DOE Human Genome Program
Contractor-Grantee Workshop VII
the Riches of Human Chromosome 19 Through Genomic
Jane E. Lamerdin,
Karolyn Burkhart-Schultz, Linda Danganan, Laurie
Gordon, Stephanie Stilwagen, Glenda Quan, Hoan Phan,
Nelson Velasco, Andre Arellano, Brent Kronmiller,
Long Do, Astrid Terry, Warren Regala, Vijay
Viswanathan, Jennifer Dias, Amy Brower, Tim Andriese,
Pat Poundstone, Julie Avila, Jackie Coefield, Susan
Lucas, Tina Attix, Stephenie Liu, Robert Bruce, Evan
Skowronski, Rick Colyaco, Arthur Kobayashi, David Ow,
Matt Nolan, Anthony V. Carrano, Anne. S. Olsen, and
Genomic sequencing of human chromosome 19 is well underway. Roughly 20% of the euchromatin of chromosome 19 is now available as finished genomic sequence in GenBank, with completion of most of the chromosome anticipated by 2001. Utilizing a high resolution physical map constructed largely in bacterial-based clones, we have seeded our current sequencing queue with many large (*1Mb) contigs from well-mapped regions, with representative contigs from almost every cytogenetic band on chromosome 19. As of Oct 30, we have finished over 11 Mb of genomic sequence, with roughly 10.5 Mb submitted to GenBank.
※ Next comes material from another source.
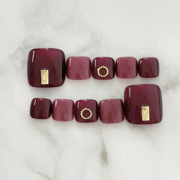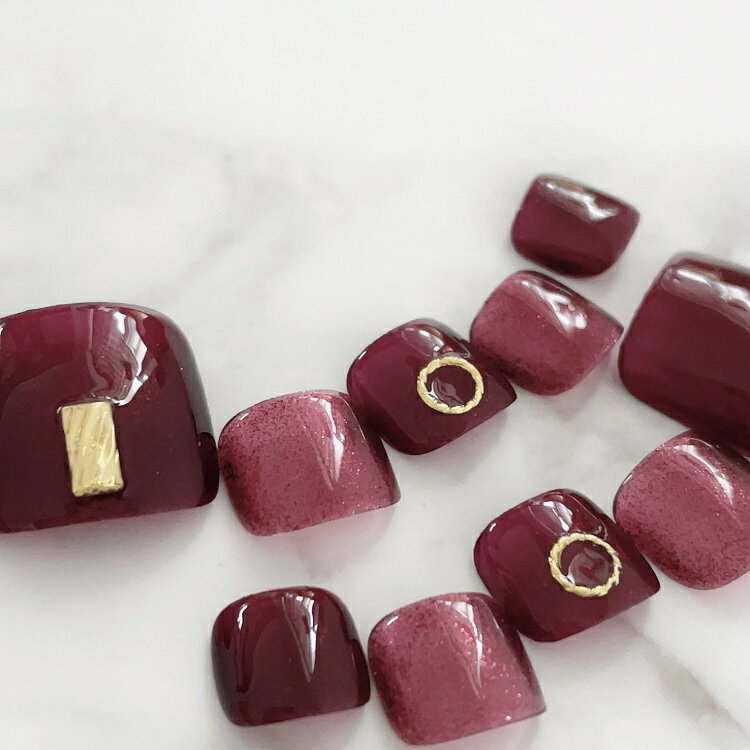 フットネイル ネイルチップ ペディチップ 足用ネイルチップサイズが選べるペディキュアつけ爪ジェルネイルでワンランク上のチップを是非!夏ネイル 花火大会や浴衣 旅行やビーチに!人気ネイル トレンドネイル●グロスボルドーレッド×ラメスタッズ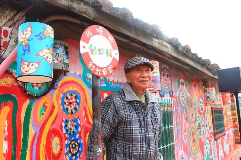 如今,彩虹眷村不僅是許多臺(tái)灣游客到訪臺(tái)中的必游景點(diǎn),更紅到了海外。國(guó)際知名旅游指南《孤獨(dú)星球》將其列為全球值得探訪的景點(diǎn)之一,每年吸引大量游客到訪打卡。走紅后的黃永阜依舊在村里作畫,碰上到訪游客,他愿意互動(dòng)合影,深受民眾歡迎。

Preliminary analyses of our data lend credence to the expectation that this GC-rich chromosome will be an excellent target for gene discovery through genomic sequencing. In this regard, several GC-rich regions (average GC content in excess of 58%) that have been sequenced on chromosome 19 exhibit a high gene density (on average, 1 gene per 20-25 kb) relative to the rest of the genome, and encode genes with compact genomic structure. Other regions with a slightly lower GC content (average GC= 50%) possess fewer genes which span larger genomic distances, e.g. the ryanodine receptor (RYR) region in 19q13.1.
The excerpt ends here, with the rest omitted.